Climatic conditions

Hydrophysical regime

Other seasonal influences

Hydrophysical regime

Responses Common to Both Biotope Complexes

The hydrophysical regime is very variable and, while it is possible to consider ‘average’ exposure, it is essential to recognise that for both biotope complexes and particularly subtidal sandbanks, extreme conditions have profound effects (Hiscock, 1983), even when they only persist for a short length of time. Water movement due to wave action is the more erratic because it fluctuates considerably on a seasonal basis. Movements caused by tides and currents varies in regular patterns but it is not only the strength but also the type of movement that affects the distribution of marine organisms. Uni-directional, multi-directional and oscillatory movements each represents a different type of stress or confer particular advantages (Wood, 1987). Storm events will inflict extreme changes in wave action both in terms of strength and direction (Pethick, 1984; Carter, 1984).

Both these intertidal and subtidal biotope complexes will be sensitive to changes in the hydrophysical environment (see Chapter II). For example, periodic increases in wave action can severely alter the appearance of the intertidal region as the top 20cm of sand can be removed by storm events (Dolphin et al, 1995).
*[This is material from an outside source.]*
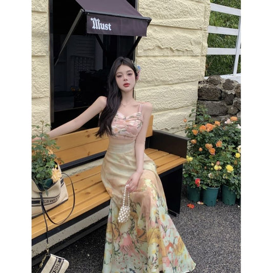 Set: Floral Cropped Cami Top + High Rise Maxi A-Line Skirt
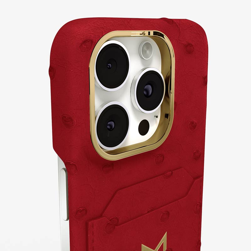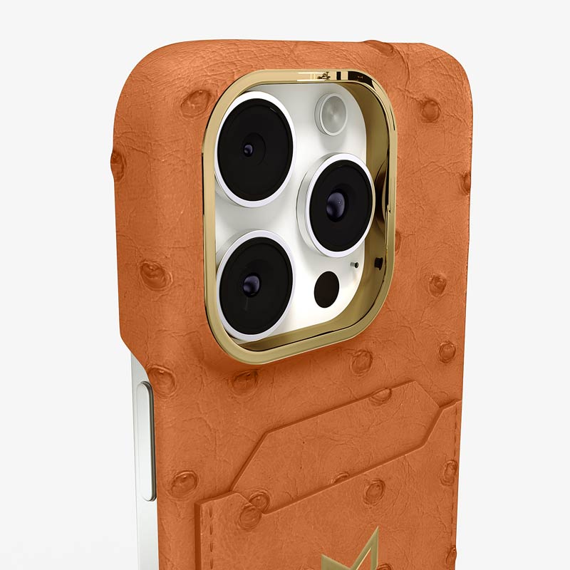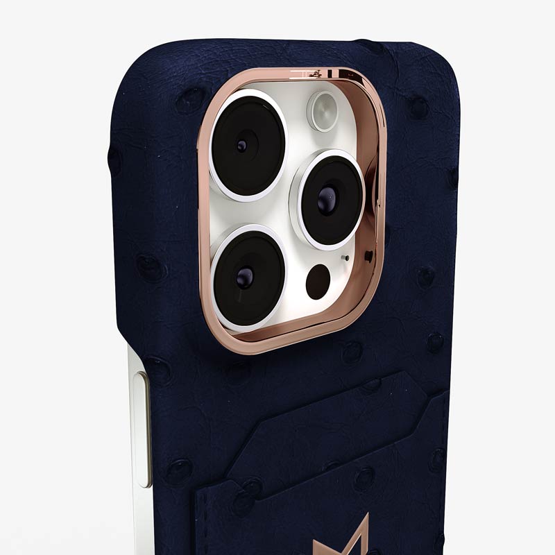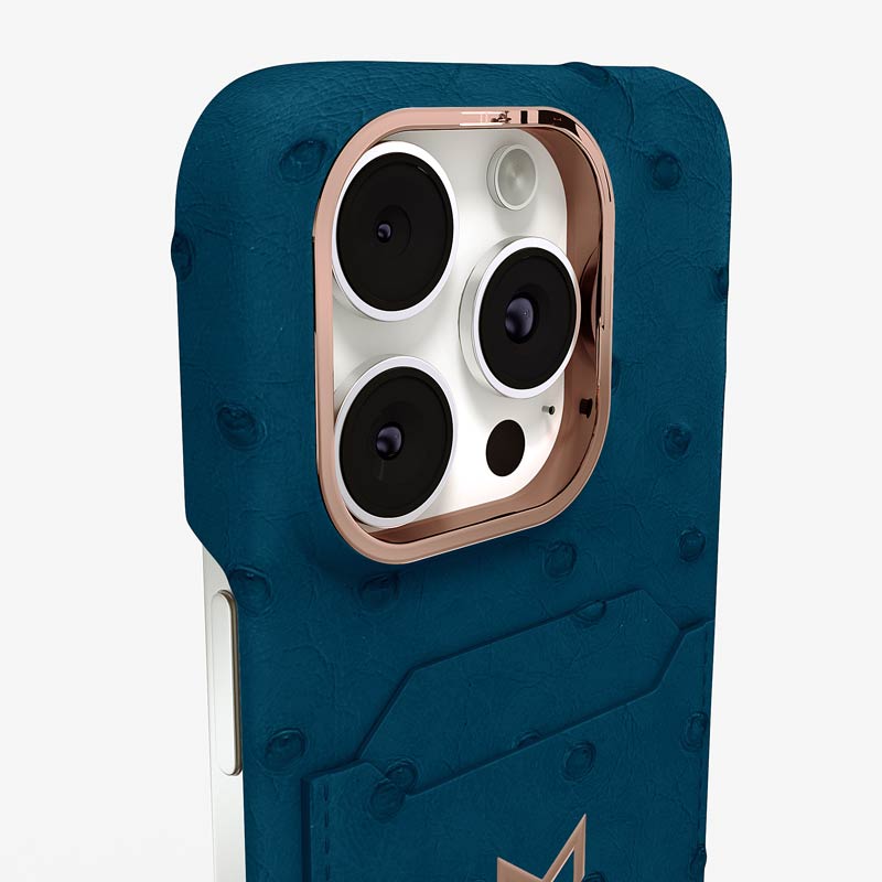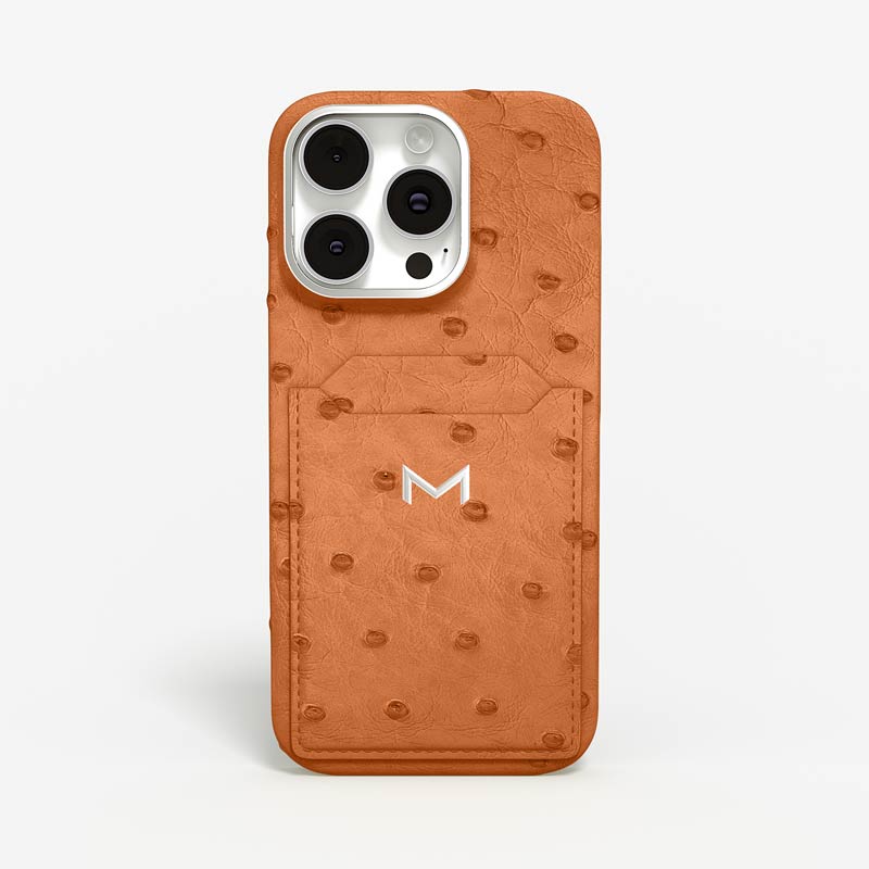Exclusively made to order and entirely handcrafted, this iPhone 16 Pro Max case is sheathed in hand-selected, full-quill ostrich leather — valued for its supple texture, natural markings, and unmistakable character. Inside, a soft Alcantara lining cradles your device, preserving its flawless condition. The hand-polished 316L stainless steel logo and camera ring reflect a commitment to detail and craftsmanship rarely seen.

Such storms are an important mechanism which can re-sort the sediment, leaving coarser particles, and release of sediment-sequestered contaminants (Dolphin et al, 1995).

Increased wave action causes stress to the infauna by disrupting feeding and burrowing activities and reduces species richness, abundance and biomass. The infauna are sensitive to changes in sediment as many are adapted to burrow through certain grades of sediment (Trueman & Ansell, 1969). Coarse material is more difficult to burrow through and species have to be robust in order to survive the stronger currents/wave action in these areas. Changes in sedimentary features may also influence the trophic status of the infauna and the proportions of suspension and deposit feeding animals (Sanders, 1968). The distribution of suspension feeders is greatly affected by sediment instability and they are sensitive to increases in the silt/clay content of the substratum and suspended sediment. In turn, changes to the infauna will affect the predators (Chapter III).
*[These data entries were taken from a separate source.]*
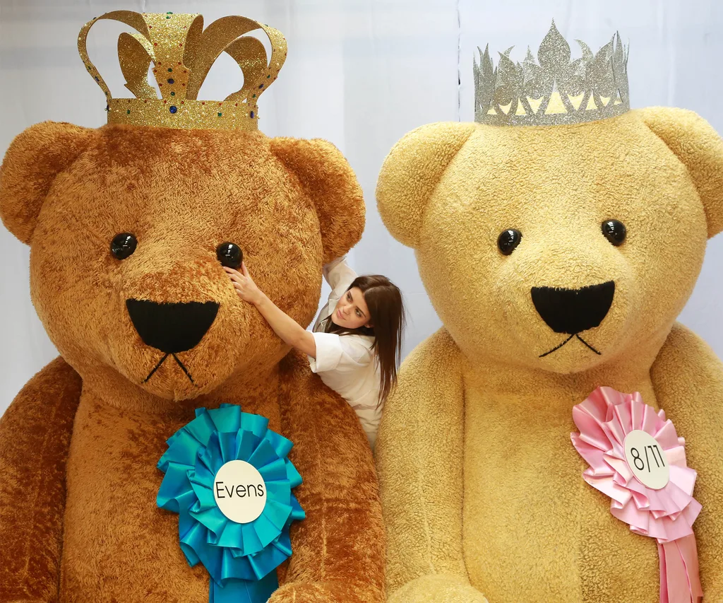 The bears, sent by betting agency William Hill, seemingly represent the new royal addition; one wears a blue ribbon and a crown, and the other a pink ribbon and a tiara. Attached to the ribbons were badges stating the odds of the gender, evens for a boy, 8/11 for a girl.
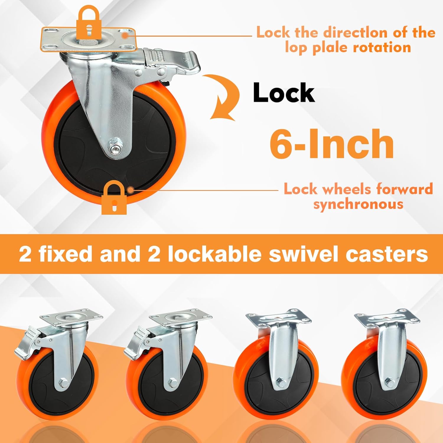 - π PROFESSIONALLY DESIGNED WHEELS: 2 fixed and 2 swivel 6-inch wheels (2 with Brake) are made of industrial-strength polypropylene and non-marking polyurethane (PU) rubber. The swivel wheels can easily rotate 360 degrees flexibly, and the inner double ball bearings make the rotation and rolling more effortless and labor-saving. The locking mechanism synchronously locks the rotation and the wheel frame, thus achieving effective and fast braking.
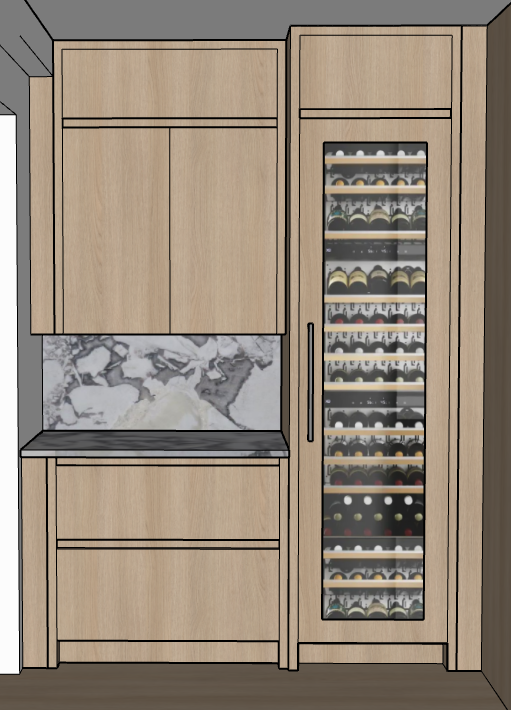 set horizontal handles deeper into doors make horizontal handles metal don t touch vertical handles make wood colors on floor and cabinets match light rift cut white oak make no other additions
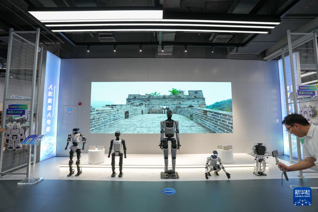 在位于北京經(jīng)開區(qū)機(jī)器人大世界的全球首個(gè)具身智能機(jī)器人4S店(ROBOT MALL)內(nèi),觀眾參觀展出和可供出售的人形機(jī)器人(8月6日攝)。

Changes in the hydrophysical regime and thus substratum will change the faunal composition of the biotope complex. Major changes in the former will produce mortality and reduce species richness. Although many species are capable of living in a variety of substrata, the species most affected will be those which are restricted to a particular grade of sediment.
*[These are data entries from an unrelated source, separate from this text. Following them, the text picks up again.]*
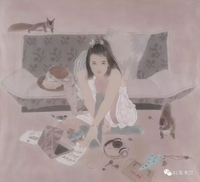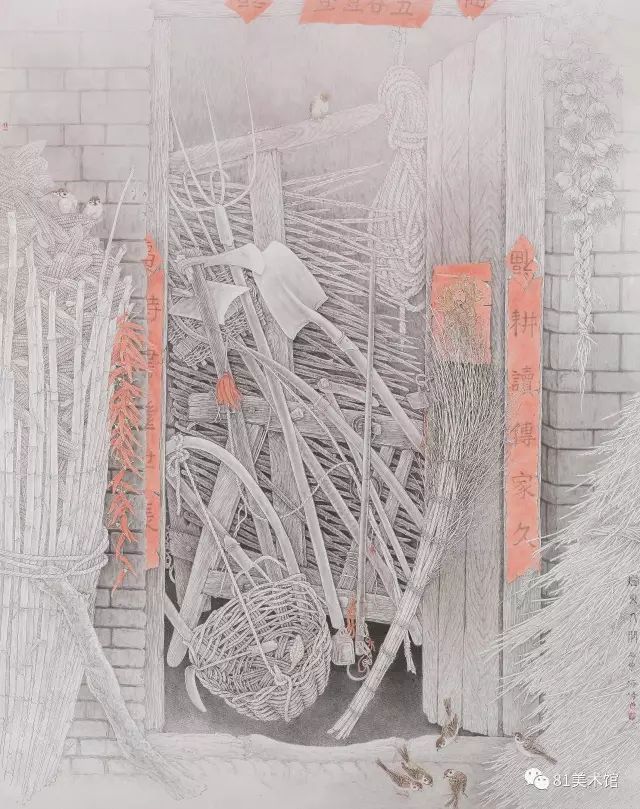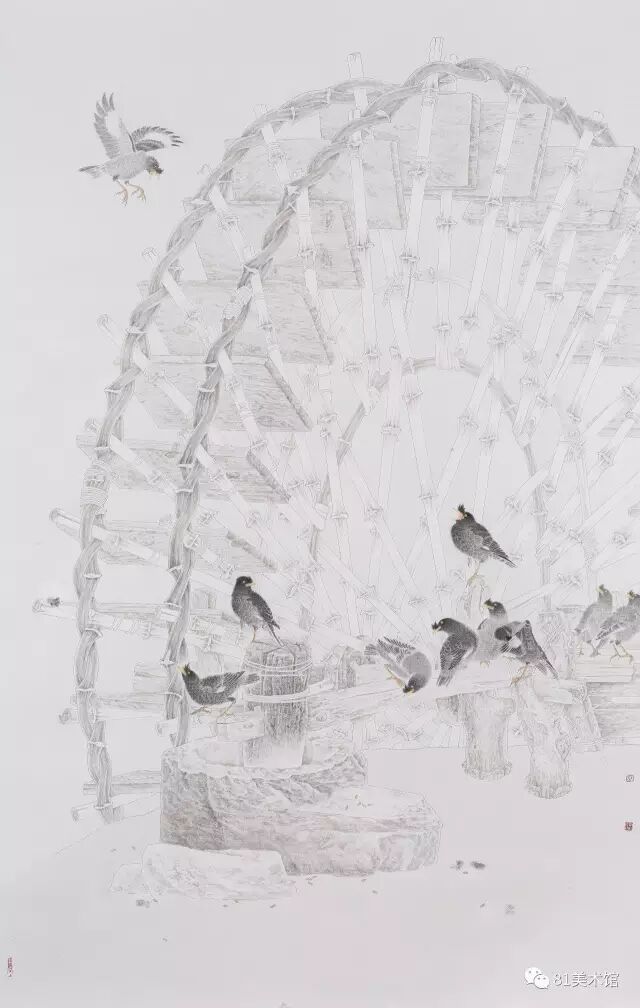 螺鈿 / 68×68厘米 / 紙本水墨設色 / 賀祖斌 / 2015年
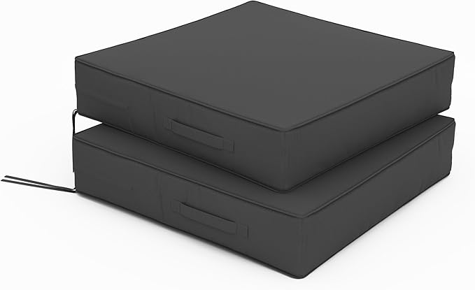 Patio Chair Cushions 24 X 24 X 5 Inch Waterproof Outdoor Seat Cushions for Patio Furniture, Outdoor Sofa Couch Pads with Ties & Handle, Set of 2, Grey
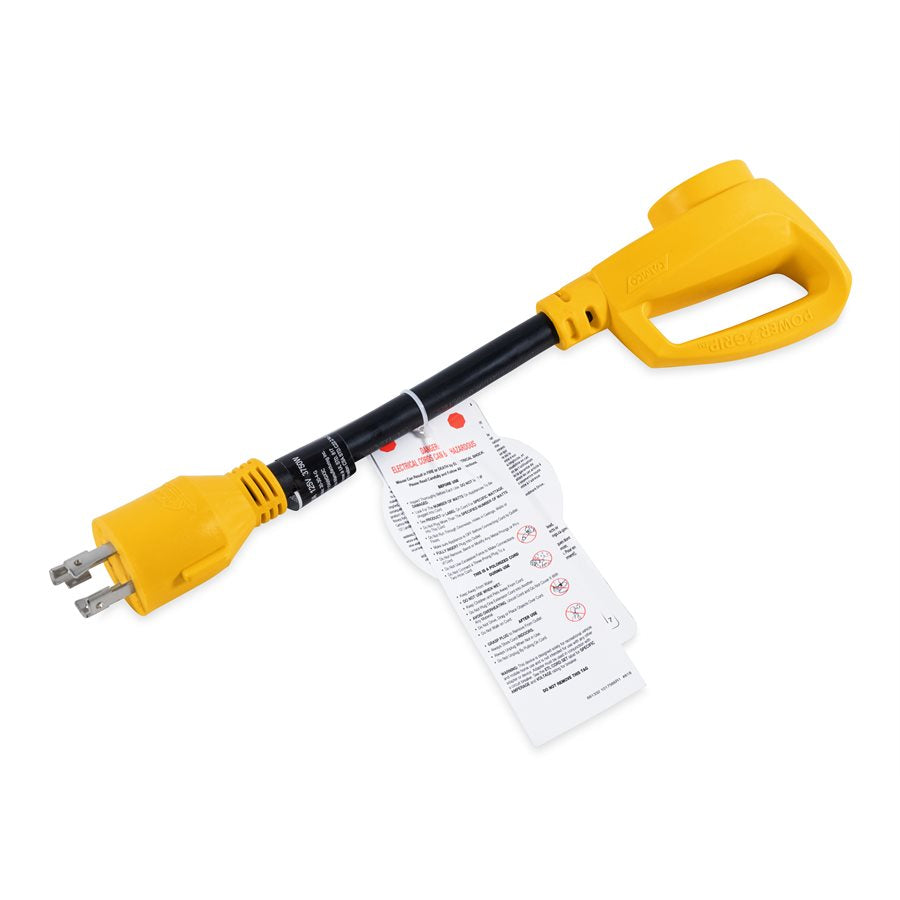 The Camco RV 12 Inch 30M/30F PowerGrip Generator Adapter is designed to facilitate a seamless connection between generators and recreational vehicles. This 4-prong adapter allows you to connect a generator equipped with a L14-30 locking receptacle to a standard RV cord set (TT-30), enabling access to 120V AC shore power. The adapter is engineered for durability and ease of use, featuring a patented PowerGrip handle for effortless unplugging.

Intertidal Sand and Mudflats

The strength of wave action affects the topography (as flatness/steepness and shore width) of the intertidal area therefore a significant change in wave action will affect the physical and biological integrity of that habitat and the exposure regime. The topography of the shore is equally important as flatter shores dissipate energy and generally have a more stable fauna (McLachlan, 1993). For example, the exposure of the intertidal flats on the Severn estuary to the prevailing gales, together with the large tidal range, caused large areas of surface mud and hence its invertebrates to be removed (Ferns, 1983). Many of the shorebirds moved temporarily to other, more sheltered areas.

Intertidal mudflats are by definition sheltered environments and hence relatively stable in sedimentary terms. Any increase or decrease in grain size, silt content etc. will affect species numbers/richness but these should return to normal levels if the disturbance is temporary. In addition, the sedimentary heterogeneous nature of mudflats reflects the species greater tolerance of different particle sizes. The high bioturbatory potential of mudflat organisms (see Chapter III) will decrease their sensitivity to sediment changes such as smothering by any influx of new sediment.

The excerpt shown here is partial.